LiDAR (Light Detection and Ranging) sensors operate by rotating and emitting laser beams often referred to as LiDAR-rays to scan and map their surrounding environment. This rotational movement allows the sensor to cover a wide Field of View (FoV), capturing detailed spatial information essential for applications like autonomous robotics, navigation, and environmental mapping. LiDAR operates on these basic principles:

1. Rays of Light are dispersed from the LiDAR Sensor.
2. The Rays of Light will reflect off objects returning to the LiDAR, distance measured with the Time of Flight equation.

Time Of Flight Equation:

\(d = \frac{ct}{2}\)

• \(d\) is the distance calculated.
• \(c\) is the speed of light constant, representing the speed of light.
• \(t\) is the time the LiDAR ray took to return.
• \(2\) appears in the equation representing the initial and returning trajectory of the laser.

Basic LiDAR principles

While the distance is important, we must also consider something called the separation angle. As the angle between our LiDAR rays will play a role in determining how accurate our readings will be.

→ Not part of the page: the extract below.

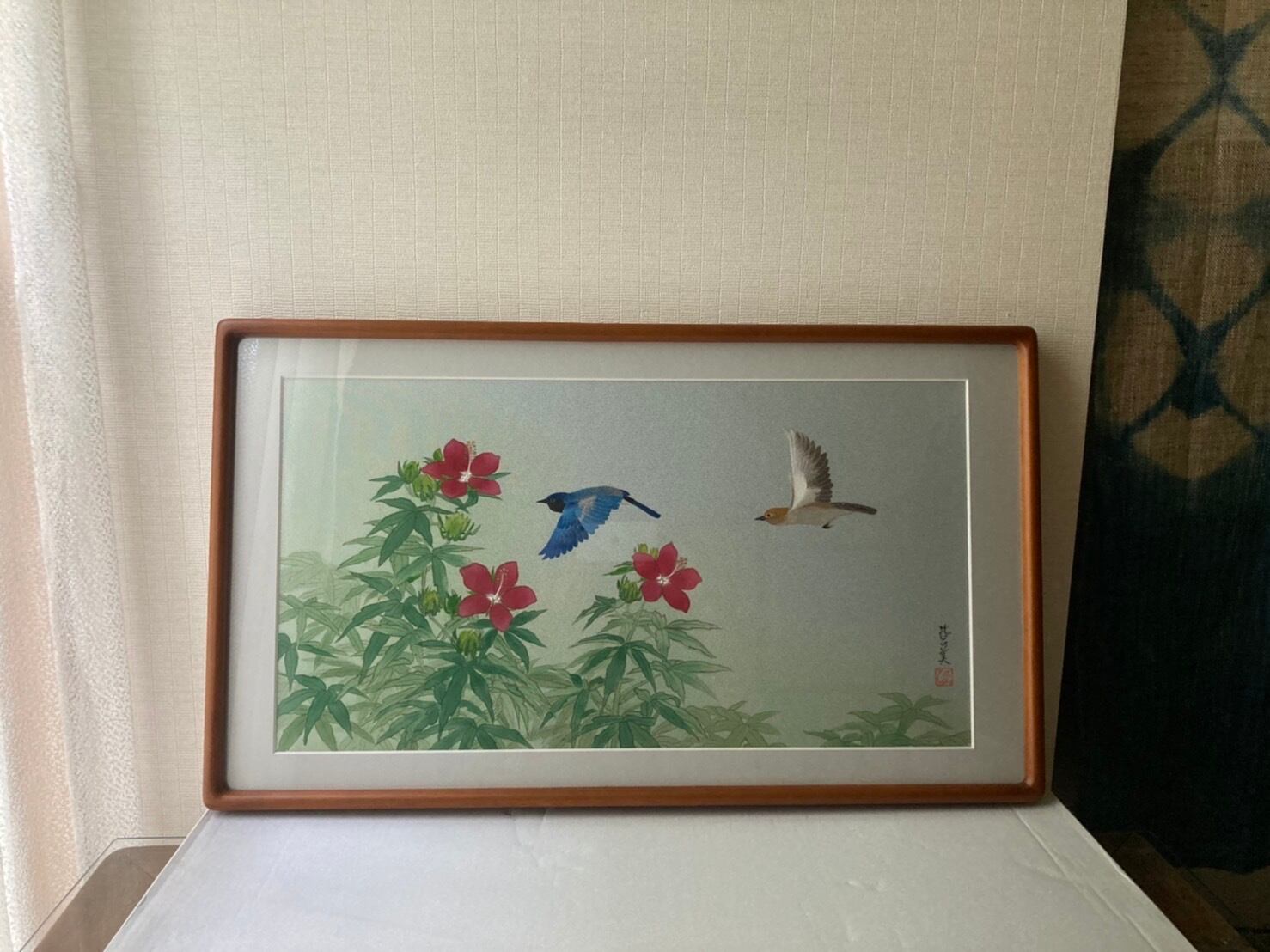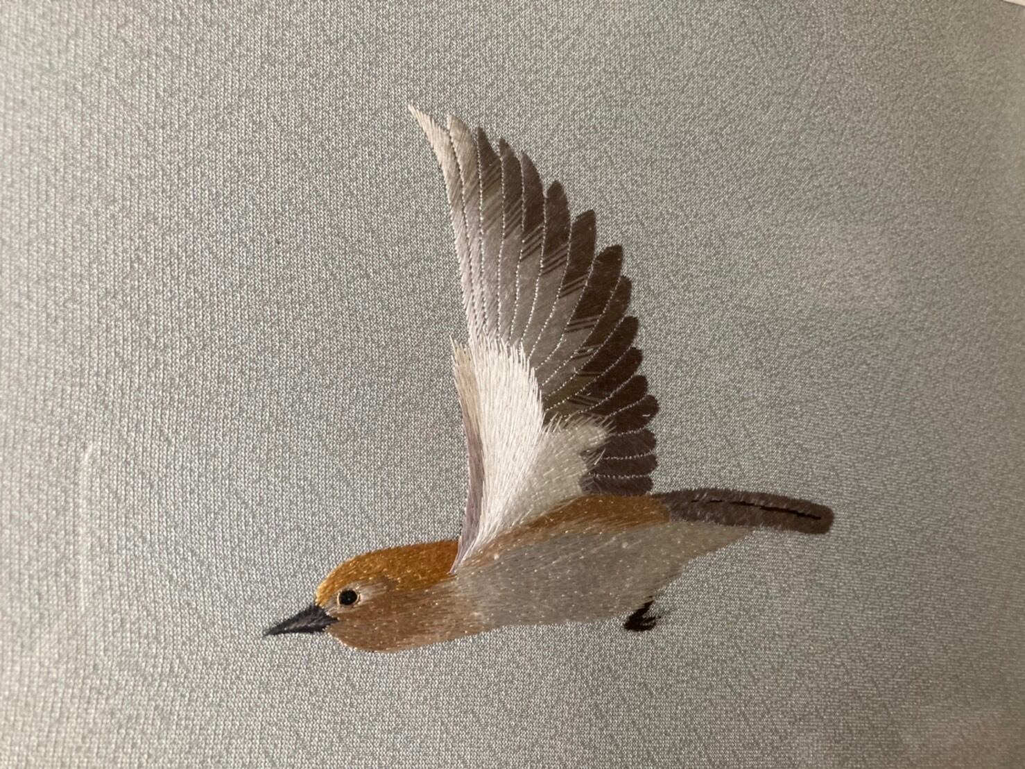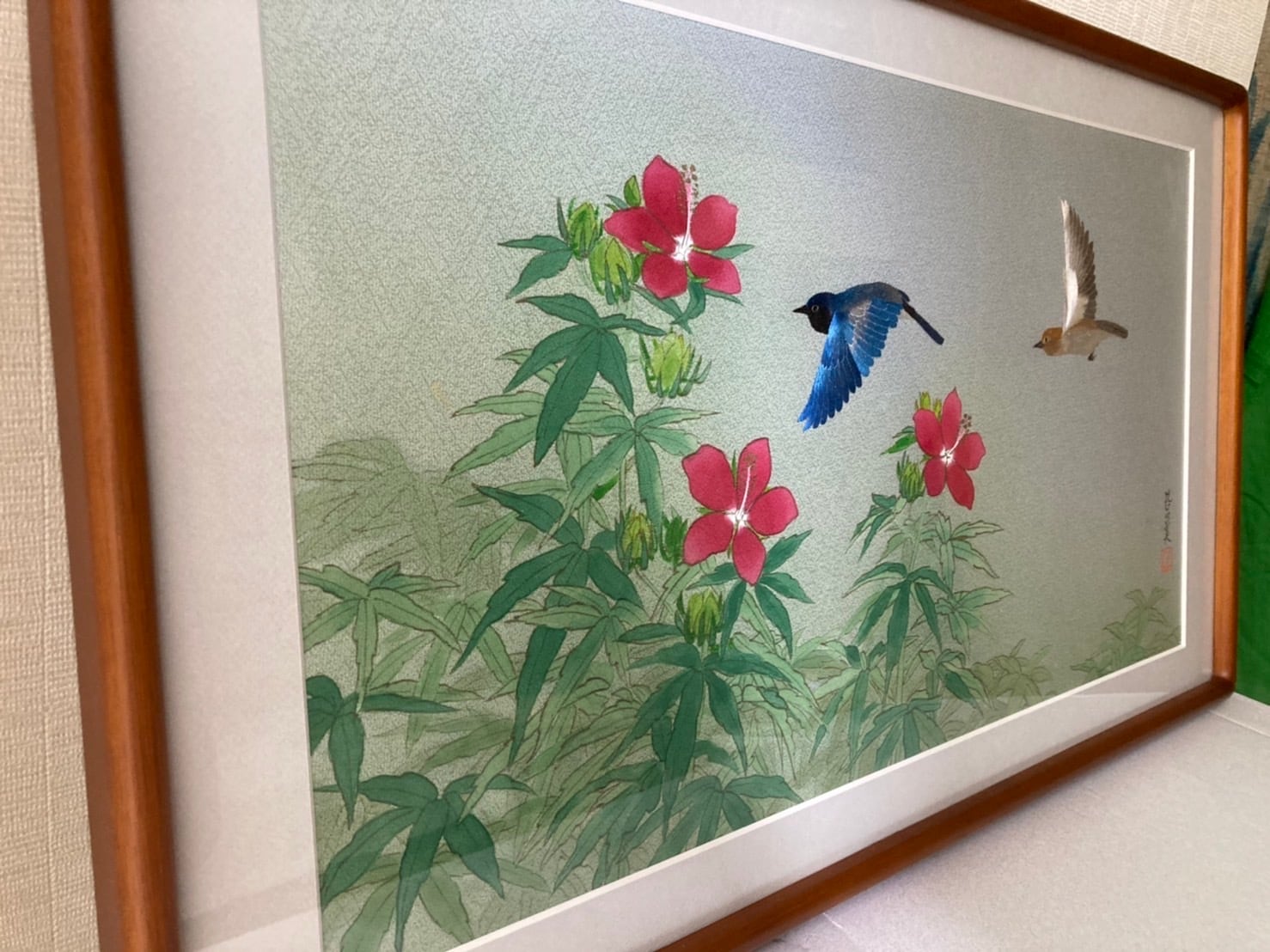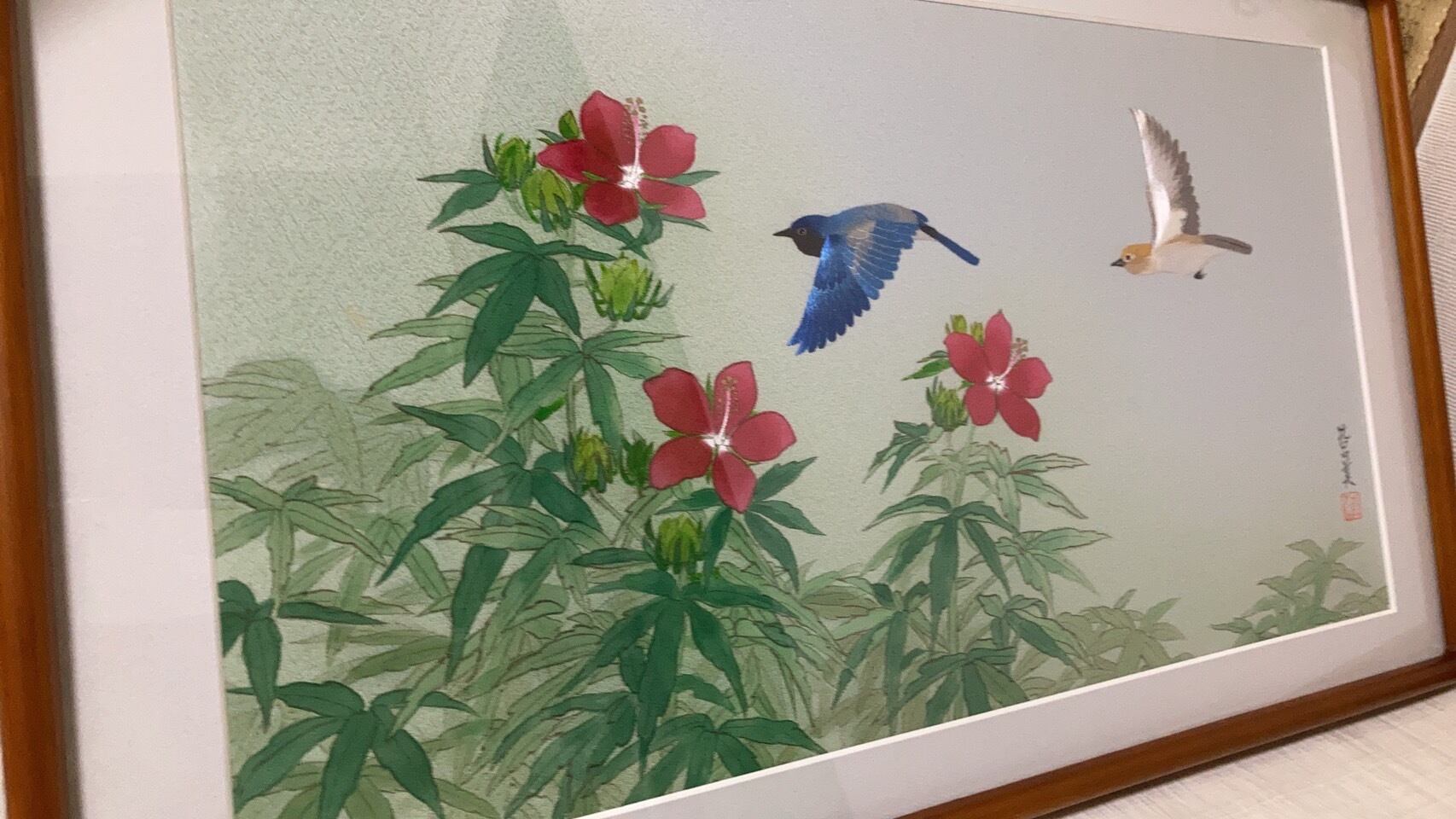 京刺繍のルリビタキのつがいを、派手な赤いコウショッキの花と合わせています。

Which of the following expresses the correct Time of Flight equation for LiDAR? (try not to scroll up and look at the answer!)

A

\(d = \frac{ct}{2}\)

B

\(d = 2ct\)

C

\(d = \frac{c}{2t}\)

D

\(d = \frac{t}{2c}\)

Submit

Answer explanation

\(d = \frac{ct}{2}\)

The intuition for this equation comes from the fact that LiDARs work by bouncing a light ray off a wall so that the robot can detect it. The total distance the light travels is given by \(d' = ct\). Since the light goes to the wall and back, the actual distance to the wall is half of this value: \(d = \frac{d'}{2}\). Substituting \(d' = ct\) gives us \(d = \frac{ct}{2}\), and thus answer A.

Angle Separation:

\( \theta = \frac{\text{Field of View (FOV)}}{\text{Number of scans per rotation}} \)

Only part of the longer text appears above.